Now switching to intermediate macular degeneration, phenotypically, these patients can be identified as early as in their 30s and 40s. And you're exactly right. A lot of them, in the very early stages, are not symptomatic. In the later stages of intermediate AMD, they are symptomatic and the same kind of reasoning that I mentioned where they may be able to have visual dysfunction because of not seeing straight line with the metamorphopsia, or scotomas or blind spots.

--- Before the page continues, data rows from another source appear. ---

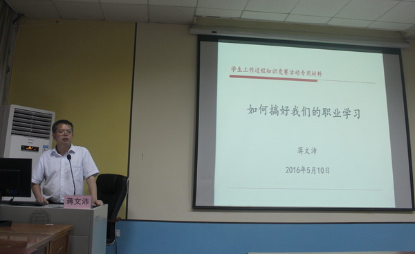 5月10日晚,万象城官网(校)在电一教室召开了首届“工作过程知识”大赛的说明会。邀请了广西院校工作过程知识大赛发起人、广西机电职业技术学院副院长蒋文沛教授为万象城官网师生做题为《如何搞好我们的职业学习》专题讲座。蒋教授用生动幽默语言、通俗易懂的案例,向师生们介绍了工作过程导向的职业教育理论,阐述 “学习世界”与“工作世界”、“专业”与“职业”、“课程”与“岗位”以及“教材”与“典型工作任务”的关系,通过展示典型工作任务描述基本知识、实例以及工作过程检索技巧等,向师生解读了比赛的具体操作规范和流程。同时蒋教授对参赛团队建设、QQ群在线解答等都提出了建设性意见。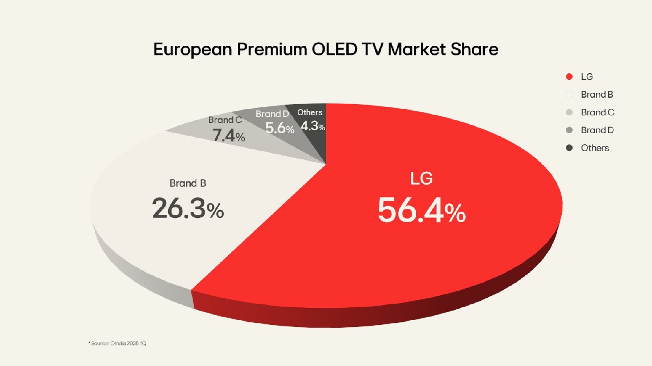 Jen v prvním čtvrtletí roku 2025 dodala společnost LG v Evropě přibližně 391 100 kusů OLED televizorů, čímž si udržela dominantní tržní podíl 56,4 % a vedoucí pozici na klíčových trzích, včetně Velké Británie, Německa a Francie. V současné době nese logo LG více než každý druhý OLED televizor prodaný v Evropě, což svědčí o bezkonkurenční popularitě značky.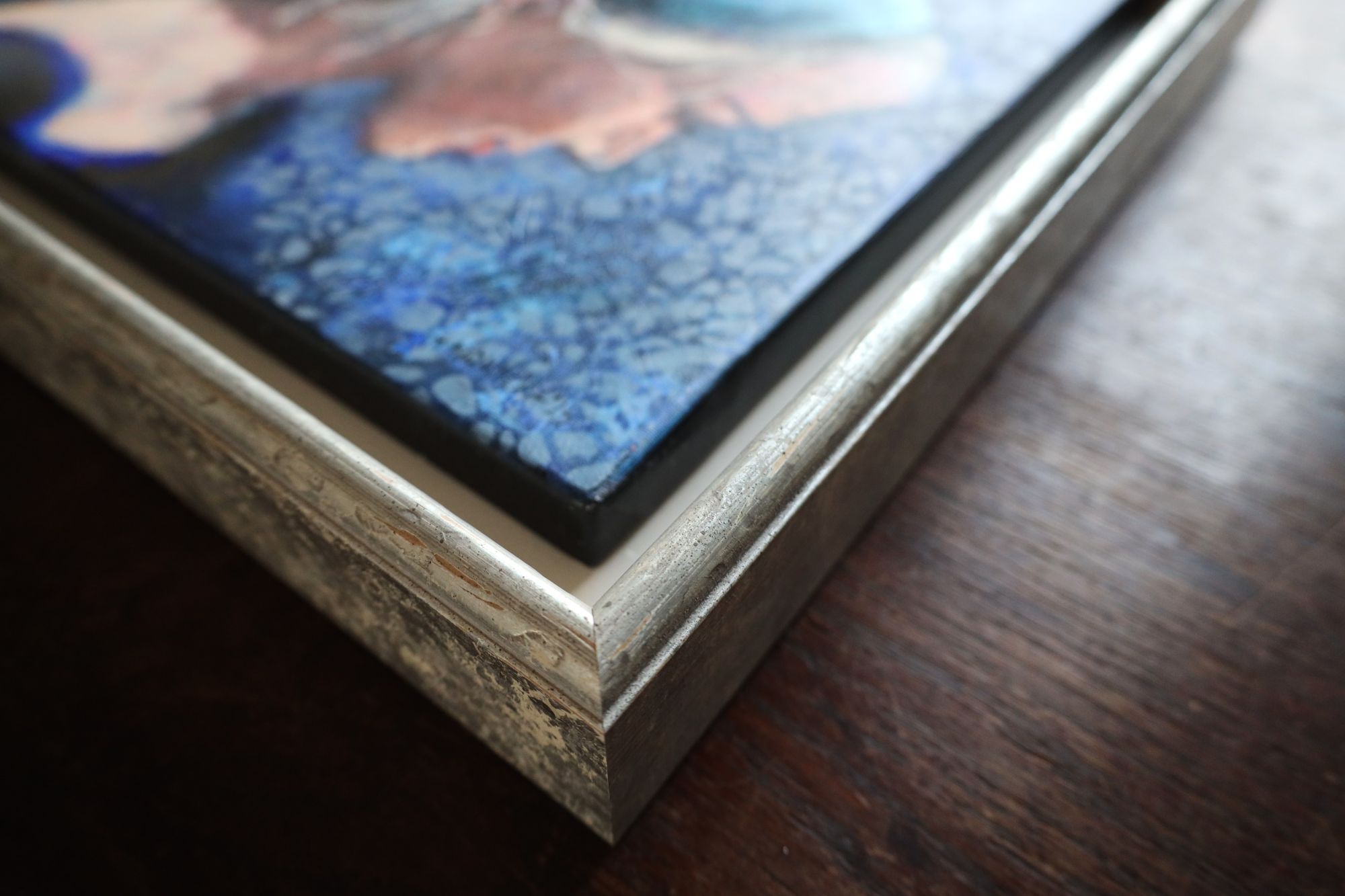 Obraz jest oprawiony w najwyższej jakości ramę drewnianą typu american box, posrebrzoną o beżowym wykończeniu wewnętrz, ręcznie wykończona.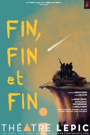 Demain matin, c’est le dernier lever de soleil. Le président a fait une annonce, le monde c’est fini. Qu’est-ce qu’on fait ? Est-ce qu’on panique ? Est-ce qu’on irait pas plutôt pique-niquer à la plage? Profiter des derniers rayons de soleil ! C’est ce que choisissent de faire Charlie, Bastien, et Guillaume, nos trois protagonistes. Pendant ce temps, une partie de la population ne se pose pas la même question. Les contrôleurs contrôlent et les flics fliquent. La société est si solidement ancrée dans les esprits que l'apocalypse elle-même ne suffit pas à les en faire sortir. C’est absurde. Ce sont ces deux histoires liées par un contexte apocalyptique que nous racontons avec humour et décalage dans Fin, fin et fin.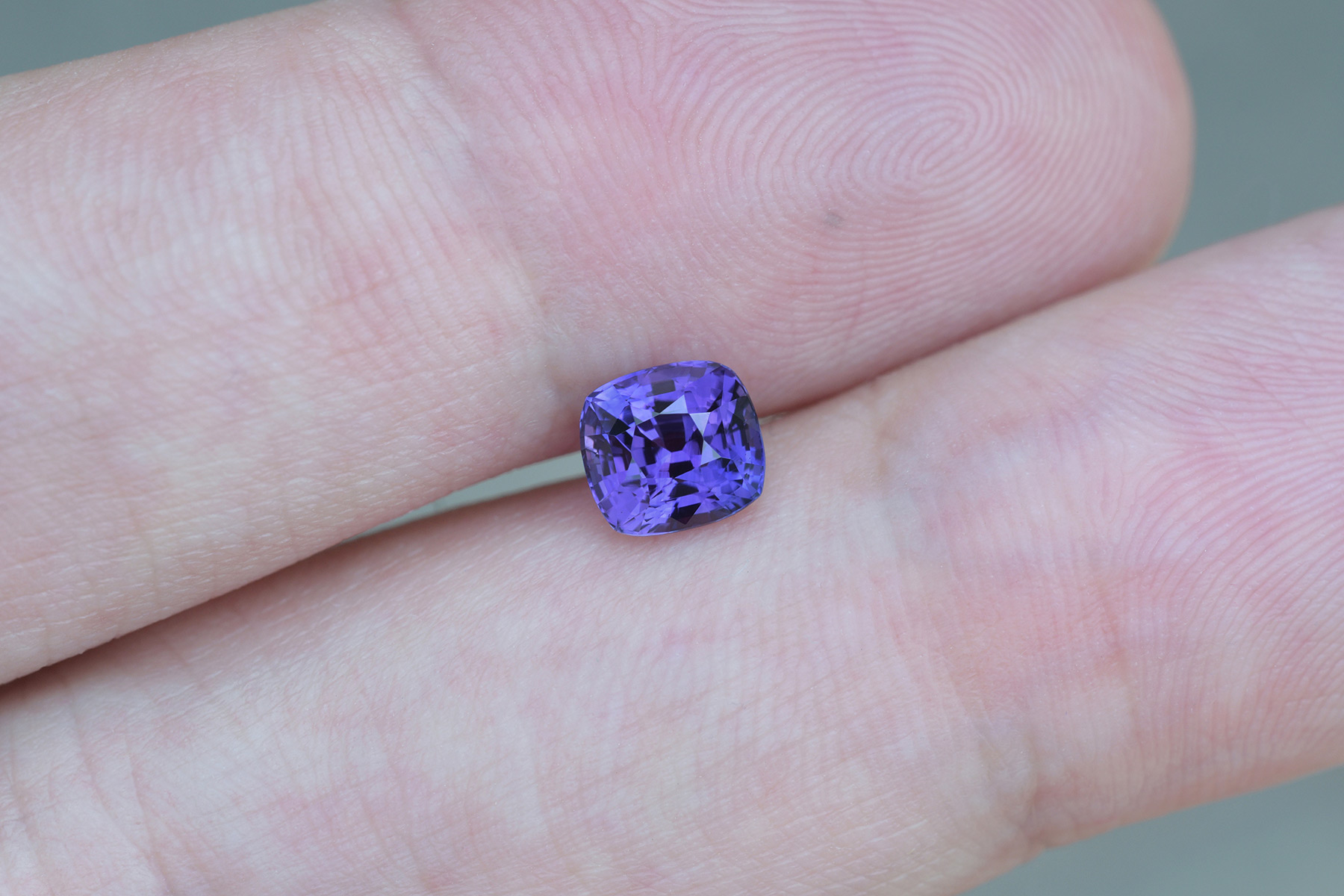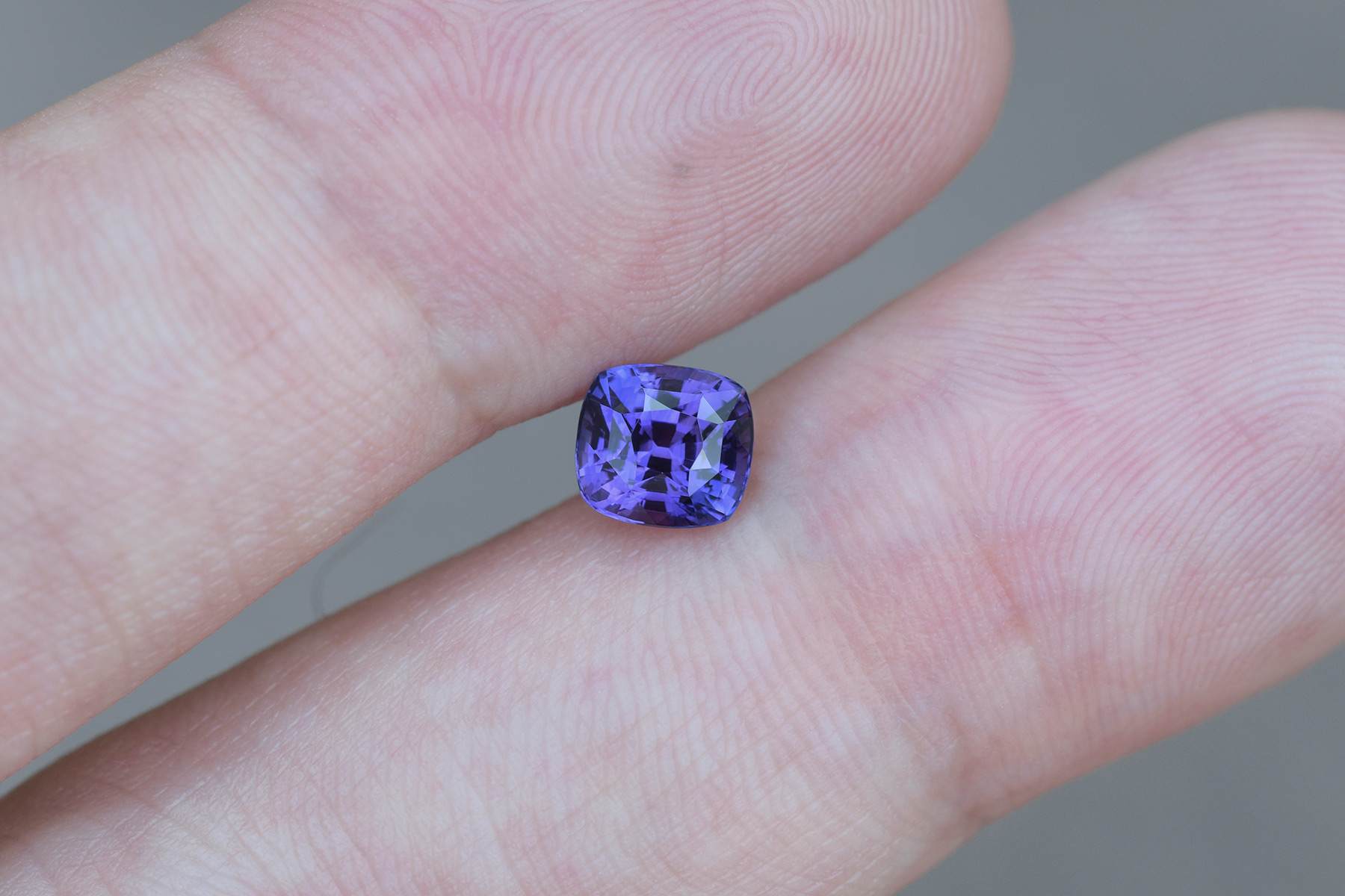 Purple sapphires almost always look drab, dull, overly dark, or have undesirable greyish or brownish undertones that diminish their saturation. This stone has none of those issues – its main hue is unusually pure and velvety, modified only by a pleasant indigo undertone that matches the main body color and works beautifully with it.

And currently, with the version 1 of Zimura, we feel that there are enough patients with intermediate AMD where that impact will be made to prevent progression to a blinding disease, which is geographic atrophy, and that will be very important. For the earlier stages, our life cycle management of Zimura that Tony referred to is terribly important. We believe that if we can have a sustained delivery type strategy, where patients have to come in to the retina specialists maybe once every 6 months or once every year, that will be quite acceptable to prevent them from having to suffer through geographic atrophy. I hope I've answered your question. Thanks for the question.

Annabel, this is Keith. For your question on the 84% completion. Just a couple of things. So you're correct, 84% of completion of year 1. GATHER2 is designed as a 2-year study. So as these patients complete year 1, they're rolled into year 2 of the study. Just important to note the design. So as patients receive monthly injections that are on the 2 milligrams Zimura arm in year 1, at the 12-month time point, they're re-randomized to either continue to receive monthly injections of Zimura 2-milligram or every other month. The sham patients continue on sham. I hope that helps to answer your question?

Yes. And all of them have been rerandomized, all the 84% that have completed have been randomized?

That's correct. That's correct. Those patients come off, they go into year 2.

And this concludes the question-and-answer session. I would like to turn the call for the management for your closing comments.

Well, thank you, Keith, for moderating today, and I want to thank everybody for joining and we look forward to a continued dialogue about our progress through the rest of the year. Goodbye, everybody, and have a good day.

Thank you. The conference has now concluded. Thank you for attending today's presentation. You may now disconnect your lines.